I mean, I think it is relevant to the discussion if it helps determine the merits of certain editing choices.
If you view embracing the dark side as being evil, sure. If the dark side is meant to represent the authentic human emotions that we often repress, like fear or anger, then I disagree. It’s the denial and repression of these emotions within us that leads to people becoming evil. If people were to acknowledge their inner dark side and have a healthy relationship with it, then that is perhaps what balance means.
Throughout IX, Rey’s relationship with her powers and inner dark side is reflective of how the Jedi view emotions throughout the saga. Yoda and Obi-Wan warn our protagonists about the dangers of fear and anger, and how they will lead you down the path of the dark side. Even love and attachment is a danger to them, and their only form of compassion is rather non-personal. But if we’ve learned anything from this story, it’s that these views on emotions are wrong. Anakin fell to the dark side not because the Jedi were right to be afraid. He fell because he didn’t develop a healthy relationship with his emotions.
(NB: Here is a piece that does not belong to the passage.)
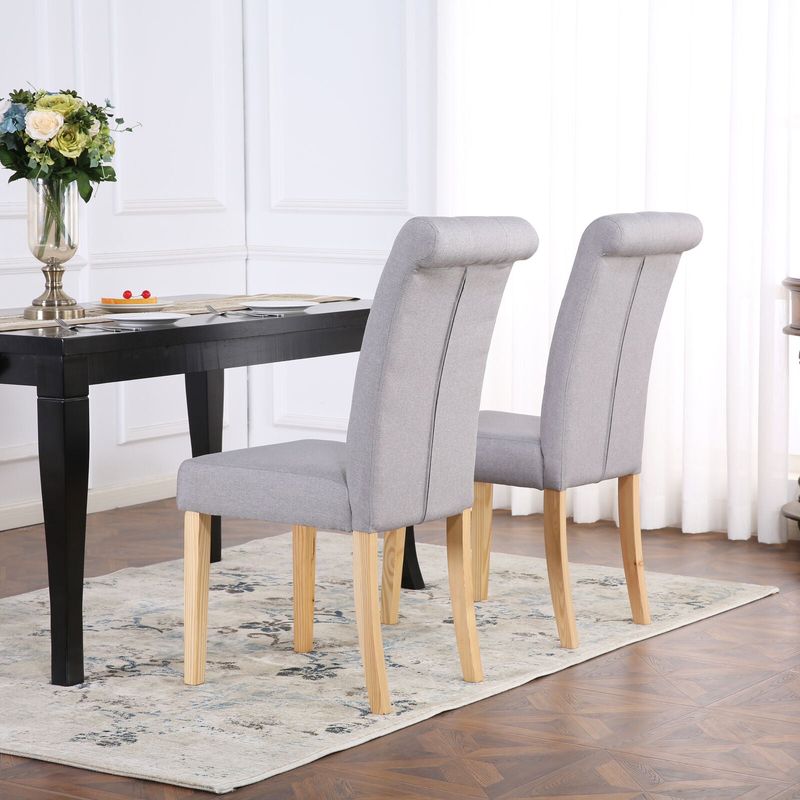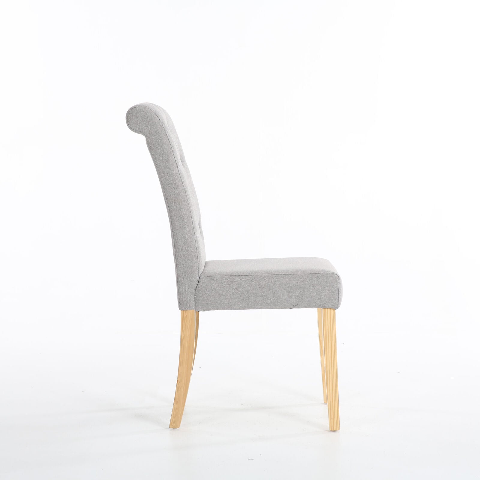 2 x DELUXE FABRIC DINING LIVING ROOM CHAIRS SCROLL HIGH BACK LIGHT GREY

He lacked any emotional support after he left his mother, and sought that out with Padmé, which he had to keep secret from the Jedi, because they deemed any form of emotional vulnerability as dangerous.
This is something that was unfortunately repeated with Ben. Like Leia said, “I should have never sent him away. That’s when we lost him.”
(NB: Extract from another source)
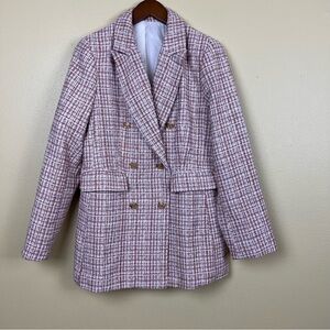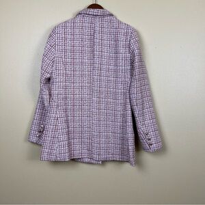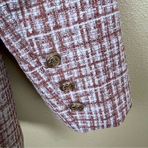 Blazer Plaid Double Breasted Tweed Gold Buttons Red Large

Throughout the Saga, Luke is arguably at his best when he doesn’t listen to his masters. It was compassion and love, as well as fear and anger, that allowed him to save his father.
In Rey’s case, I think you can draw a comparison to how women are often viewed as emotional, and how it can be a weakness. Rey views her emotions as her weakness, and thinks it is dangerous enough for her to live out her days in isolation, like Luke tried to do. What if the message of this story that our emotions can actually be our strength? That it is okay to be afraid, or to be angry, and that those emotions don’t make us bad people?
If these movies are, at their most pure form, meant to be for kids, maybe that is the healthy kind of lesson a story like Star Wars would want to teach them. That you shouldn’t view your anger or fear as gateways to evil that must be suppressed. Instead, you can learn to “master the mad you feel”.
If you’re adamant on viewing the Force simply as a fictional magic system which has rules that cannot be broken, fine. But maybe we should consider viewing the Force symbolic of something personal within us, that doesn’t boil down to “one side good, one side bad”.
Even if the way I’m suggesting it be done may not be the right way to do it, I do feel like this question of balance was the inevitable problem that needed to be addressed in this film. Right now, I don’t think the theatrical film gives such an answer, and without an answer I’m afraid this movie will still be totally void of any kind of saga-concluding message, regardless of how much you try and polish it.